Member of the House of Representatives
- In office 31 March 2021 – 5 December 2023

Member of the Municipal Council of Amsterdam
- In office 5 April 2017 – 31 March 2021
- Preceded by: Jan Paternotte
- Succeeded by: Daniëlle de Jager

Personal details
- Born: Alexander Robert Hammelburg 22 February 1982 (age 44) Hilversum, Netherlands
- Party: Democrats 66
- Children: 1
- Parent: Simon Hammelburg (father);
- Alma mater: University of Amsterdam (MSc)

= Alexander Hammelburg =

Member of the Dutch House of Representatives

Alexander Robert Hammelburg (/nl/; born 22 February 1982) is a Dutch politician of the Democrats 66 (D66). He has been a member of the House of Representatives since the 2021 general election. He previously worked as a lobbyist for COC Nederland and held a seat in the municipal council of Amsterdam.

== Early life and non-political career ==
Hammelburg was born in 1982 in Hilversum, as the son of comedian, writer, and journalist Simon Hammelburg. When he was young, his parents divorced, and he moved with his mother and sister from the Amsterdam neighborhood of Buitenveldert to Oosterbeek, located in the Arnhem area. Hammelburg grew up there, and he studied political science and Arab studies at the University of Amsterdam in the years 2002–12. He also spent a year at Tel Aviv University and started teaching political science at the university in 2008. He left the university in April 2015 to work as an international policy officer for LGBT rights organization COC Nederland, a position he held until his election to the House of Representatives.

== Politics ==
Hammelburg served as a member of the board of the North Holland/Flevoland chapter of the Young Democrats, the youth organization of Democrats 66. He was elected to the thirteen-member Amsterdam-Centrum district committee in the 2014 municipal elections. He had also been D66's sixteenth candidate for the Amsterdam municipal council in that election, but his party won fourteen seats.
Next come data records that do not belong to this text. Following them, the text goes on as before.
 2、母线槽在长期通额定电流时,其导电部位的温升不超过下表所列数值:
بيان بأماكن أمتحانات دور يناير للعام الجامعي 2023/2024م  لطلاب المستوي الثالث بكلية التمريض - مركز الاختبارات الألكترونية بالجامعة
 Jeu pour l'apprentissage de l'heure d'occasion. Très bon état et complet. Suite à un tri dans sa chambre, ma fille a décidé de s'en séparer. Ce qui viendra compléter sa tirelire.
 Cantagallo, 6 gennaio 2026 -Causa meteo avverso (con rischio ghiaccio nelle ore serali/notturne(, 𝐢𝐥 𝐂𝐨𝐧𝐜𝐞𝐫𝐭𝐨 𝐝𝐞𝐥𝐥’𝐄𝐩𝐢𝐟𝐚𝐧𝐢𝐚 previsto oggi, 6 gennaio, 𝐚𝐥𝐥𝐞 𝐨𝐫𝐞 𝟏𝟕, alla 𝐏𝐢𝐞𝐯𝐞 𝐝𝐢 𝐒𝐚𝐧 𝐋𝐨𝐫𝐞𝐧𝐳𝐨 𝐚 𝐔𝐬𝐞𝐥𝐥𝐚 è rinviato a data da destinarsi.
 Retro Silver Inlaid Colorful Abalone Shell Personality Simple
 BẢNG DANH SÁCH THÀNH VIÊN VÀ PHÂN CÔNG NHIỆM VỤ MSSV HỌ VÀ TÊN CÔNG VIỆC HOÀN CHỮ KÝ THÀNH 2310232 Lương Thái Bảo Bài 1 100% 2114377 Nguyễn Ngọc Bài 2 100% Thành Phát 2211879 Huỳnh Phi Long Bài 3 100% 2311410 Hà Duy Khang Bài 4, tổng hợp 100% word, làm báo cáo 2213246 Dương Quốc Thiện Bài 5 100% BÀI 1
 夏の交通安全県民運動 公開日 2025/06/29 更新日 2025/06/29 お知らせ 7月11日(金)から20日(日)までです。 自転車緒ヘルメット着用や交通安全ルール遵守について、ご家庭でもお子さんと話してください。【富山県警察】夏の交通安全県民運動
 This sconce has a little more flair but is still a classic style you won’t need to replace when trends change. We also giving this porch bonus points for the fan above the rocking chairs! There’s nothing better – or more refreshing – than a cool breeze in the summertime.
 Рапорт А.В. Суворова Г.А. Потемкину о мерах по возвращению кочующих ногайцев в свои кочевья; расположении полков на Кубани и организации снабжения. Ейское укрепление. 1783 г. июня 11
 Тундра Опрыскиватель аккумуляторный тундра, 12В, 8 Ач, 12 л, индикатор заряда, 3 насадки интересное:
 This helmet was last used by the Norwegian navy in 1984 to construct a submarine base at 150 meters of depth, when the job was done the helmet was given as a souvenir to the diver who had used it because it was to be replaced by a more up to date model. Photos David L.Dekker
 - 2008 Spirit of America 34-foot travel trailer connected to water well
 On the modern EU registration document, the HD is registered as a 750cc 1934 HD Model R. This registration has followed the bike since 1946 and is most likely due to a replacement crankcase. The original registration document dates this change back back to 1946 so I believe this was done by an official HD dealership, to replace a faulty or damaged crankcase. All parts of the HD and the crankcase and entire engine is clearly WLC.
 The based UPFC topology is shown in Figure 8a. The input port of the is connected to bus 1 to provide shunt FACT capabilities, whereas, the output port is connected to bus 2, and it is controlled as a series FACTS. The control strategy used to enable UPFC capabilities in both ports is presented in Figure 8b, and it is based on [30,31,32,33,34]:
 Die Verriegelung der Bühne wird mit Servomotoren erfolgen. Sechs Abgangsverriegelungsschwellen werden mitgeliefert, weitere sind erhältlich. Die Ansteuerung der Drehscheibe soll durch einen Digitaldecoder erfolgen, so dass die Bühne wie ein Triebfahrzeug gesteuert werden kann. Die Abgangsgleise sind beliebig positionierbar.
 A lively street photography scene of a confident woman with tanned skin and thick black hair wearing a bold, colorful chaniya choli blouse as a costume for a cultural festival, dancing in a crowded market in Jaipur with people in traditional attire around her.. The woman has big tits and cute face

In April 2017, Hammelburg replaced Amsterdam municipal councilor Jan Paternotte, because Paternotte had been elected to the House of Representatives. Hammelburg simultaneously left the district council. He was re-elected in the 2018 municipal election, having appeared fourth on the party list. Hammelburg served as vice caucus leader, and his specializations were finances, economic affairs, sex workers, drugs, housing, and construction. In the council, he advocated replacing lead service lines, and he created a plan to make the city center more attractive to Amsterdam citizens.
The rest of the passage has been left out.